[overzicht] [activiteiten] [ongeplande activiteiten] [besluiten] [commissies] [geschenken] [kamerleden] [kamerstukdossiers] [open vragen]
[toezeggingen] [stemmingen] [verslagen] [🔍 uitgebreid zoeken] [wat is dit?]

Inbreng verslag van een schriftelijk overleg over de geannoteerde agenda bijeenkomst NAVO-ministers van Defensie op 17 en 18 februari 2021

Inbreng verslag schriftelijk overleg

Nummer: 2021D05580, datum: 2021-02-08, bijgewerkt: 2024-02-19 10:56, versie: 5

Directe link naar document (.pdf), link naar pagina op de Tweede Kamer site, officiële HTML versie (nds-tk-2021D05580).

Gerelateerde personen:

Onderdeel van zaak 2021Z02334:

Onderdeel van activiteiten:

Preview document (🔗 origineel)


2021D05580 INBRENG VERSLAG VAN EEN SCHRIFTELIJK OVERLEG

De vaste commissie voor Defensie heeft een aantal vragen en opmerkingen voorgelegd aan de aan de Minister van Defensie over de bijeenkomst van de NAVO-ministers van Defensie op 17 en 18 februari 2021, waarvan de geannoteerde agenda op 4 februari 2021 door de Kamer is ontvangen (2021Z02334).

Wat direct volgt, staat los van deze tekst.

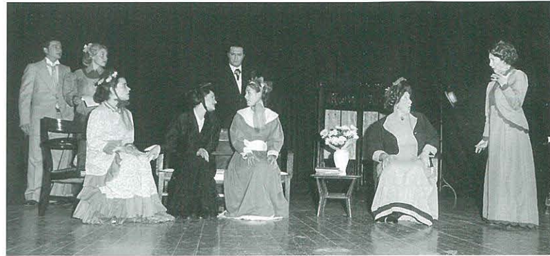
"La intel·lectual", pel Grup "LLOP'S TEATRE SF/87", de Reus

El tercer dia Llop's Teatre SF/87, de Reus, amb el que també tenim amistat, ens va representar una gran obra, La intel·lectual de Santiago Rusiñol, i com totes les obres d'aquest gran autor, molta gent -dotze- amb les dificultats que porten les obres amb tants personatges. La posta en escena és sempre difícil, els esforços de la direcció molt grans i si no es lliga tot molt bé, sempre queden punts foscos que fan baixar la qualitat de l'obra.

De voorzitter van de commissie,
De Vries

De adjunct-griffier van de commissie,
Mittendorff

I. Vragen en opmerkingen vanuit de fracties

De leden van de D66-fractie danken de Minister voor de toegezonden documenten met betrekking tot NAVO Defensie Ministeriële. Deze leden hebben nog enkele vragen aan de Minister.

Met betrekking tot afschrikking en verdediging lezen de leden van de D66-fractie dat de Nederlandse regering het belang van SASP onderschrijft in het kader van responsiveness. Deze leden vragen hoe het reactievermogen van de NAVO op dit moment is. Welke speerpunten wil de Nederlandse regering aandragen voor de besprekingen van het inclusief SACEUR’s Area-wide Strategic Plan (SASP) die het komend half jaar zullen plaatsvinden?

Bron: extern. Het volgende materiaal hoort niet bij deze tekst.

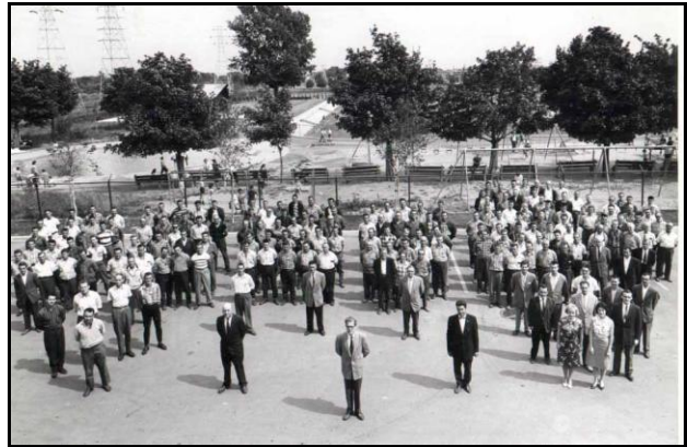
Photo prise en 1960 - Personnel de la Division des arbres devant les portes du garage des serres Louis-Dupire. Où suis-je ?

C'est le grand luxe. Les vitres sont remplacées par des panneaux d'acrylique rigides fabriqués un peu comme le carton brun (Coroplast); il est imperméable, léger et résistant aux chocs. De plus, il est traité contre les rayons UV et rivalise avec les meilleures fenêtres énergétiques portant le logo "Energy Star". Pour assurer le chauffage, on y utilise toutes les dernières technologies comme les pompes à chaleur, la géothermie, etc.
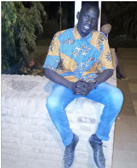
RD: Kamal'ín kwě

Kamal'ín kwě sime: pojora'ñ sog 2021/6/25
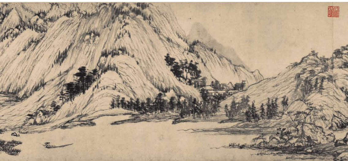
黄公望《富春山居图》（局部）
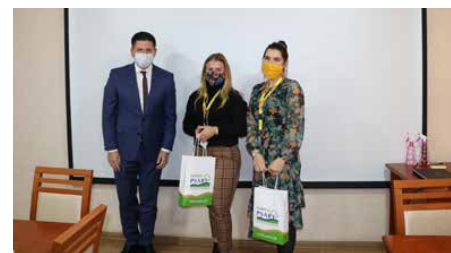
Spotkanie z przedstawicielkami firmy DHL w budynku urzędu.

W chwili obecnej DHL Supply Chain poszukuje pracowników, wszystkie informacje można znaleźć na naszej stronie w zakładce Oferty Pracy i plakacie na ostatniej stronie gazety. Red.

Dezelfde leden lezen dat de Defensievisie 2030 in lijn is met het NAVO Warfighting Capstone Concept (NWCC). Betekent dit dat de visie van de Nederlandse krijgsmacht in grote lijnen gelijk is aan die van de NAVO? Kan de Minister meer inzicht verschaffen in welke doelen centraal staan in deze lange termijn strategie? Wat zijn de grootste veranderingen die in de NWCC worden aangedragen met betrekking tot het NAVO defensieplanningsproces (NDPP)? Zo vragen de leden van de D66-fractie.

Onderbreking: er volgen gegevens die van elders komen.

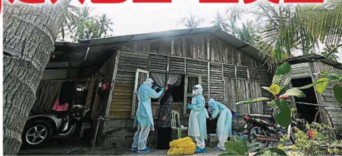
雪州政府的社区免费筛检冠病活动,已进入沙亚南和巴生区。

人性质的送餐员,都必须强制进行筛检,以确保本身不是冠病患者后,才能在斋戒月期间继续送餐。
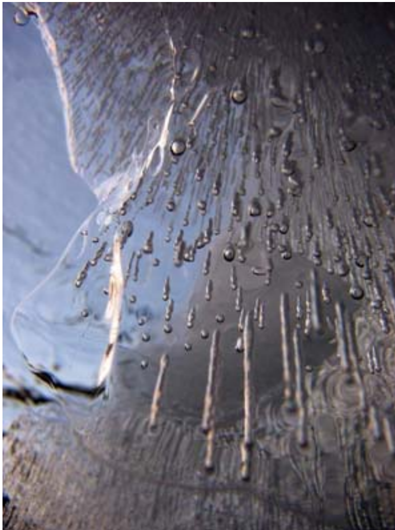
Jään alla 2005.

Oulun Vesimiehet Ry c/o Markku Heiskari Kuuselantie 4 90450 KEMPELE

Met betrekking tot het NAVO Readiness Initiative (NRI) vragen de leden van de D66-fractie een toelichting over de huidige tekorten bij het NRI. Op welke manier draagt Nederland bij aan het opvullen van deze kritische tekorten?

Dezelfde leden lezen dat er een herziening van het Integrated Air and Missile Defence (IAMD) Standing Defence Plan op de agenda staat. Deze leden vragen op welke punten dit plan wordt herzien? Is de NAVO ook actief bezig haar luchtruim beter te verdedigen tegen de dreiging van hypersonische wapens? Zo ja, hoe wordt dit dan gedaan? Zo nee, zou dit niet verstandig zijn in het licht van de groeiende dreiging rondom hypersonische wapens die ook het MIVD signaleert in haar meest recente openbare jaarverslag? Waarom is het ACSS niet voldoende gericht op de toekomst? Wat schort eraan? In andere woorden, waarom heeft Nederland gepleit voor een herziene AirC2 toekomstvisie, zo vragen de leden van de D66-fractie.

De leden van de D66-fractie vragen inzake de lastenverdeling van de NAVO hoeveel geld er nu jaarlijks bruto geïnvesteerd wordt in Defensie, vergeleken met kabinet Rutte II? Kan de Minister aangeven hoeveel miljard er per jaar nodig is om in 2025 het gemiddelde van de Europese bondgenoten (1,8% van het bbp) te halen?

Met betrekking tot NAVO 2030 zien de leden van de D66-fractie het als een goede zaak dat er intensief wordt nagedacht over het NAVO Strategisch Concept. Deze leden vragen in hoeverre het NAVO Strategisch Concept wordt afgestemd met het Strategisch Kompas van de EU, of andersom? Het lijkt de leden van de D66-fractie van belang dat hier een juiste mate van afstemming is tussen de EU op zichzelf en de EU als zijnde een belangrijke pilaar binnen de NAVO. Kan de Minister toezeggen dat de SG NAVO alvorens Nederland instemt met het Strategisch Concept dit eerst besproken wordt met de Tweede Kamer?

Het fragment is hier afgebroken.